Recorded data »
((

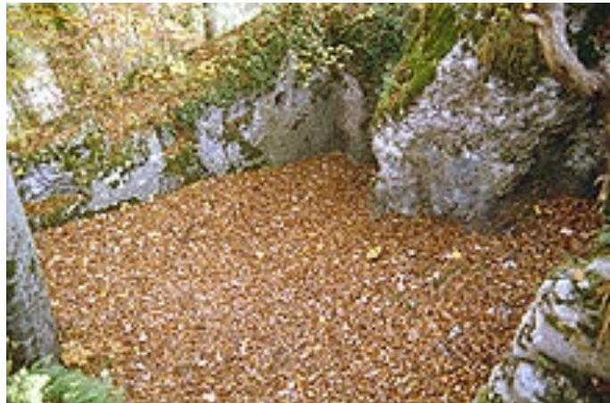
In den Fels gehauener Raum

Fundamente und kleine Mauerreste zeigen, dass ausser dem Turm auf dem obersten Felskopf weitere kleine Gebäude gestanden haben müssen.
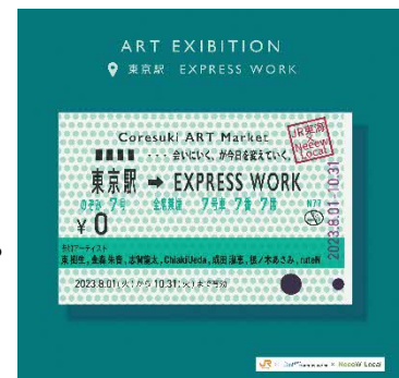
販売サイトのメインビジュアル

※展示されるアート作品や販売サイトなど詳細は、準備が整い次第 EXPRESS WORK 公式ウェブサイト ( https://expresswork.jr-central.co.jp/ )にてお知らせします。

))

Requirement » Copy exactly. The range runs from the line containing "販売サイトのメインビジュアル" through the last line of the data.

Result »
販売サイトのメインビジュアル

※展示されるアート作品や販売サイトなど詳細は、準備が整い次第 EXPRESS WORK 公式ウェブサイト ( https://expresswork.jr-central.co.jp/ )にてお知らせします。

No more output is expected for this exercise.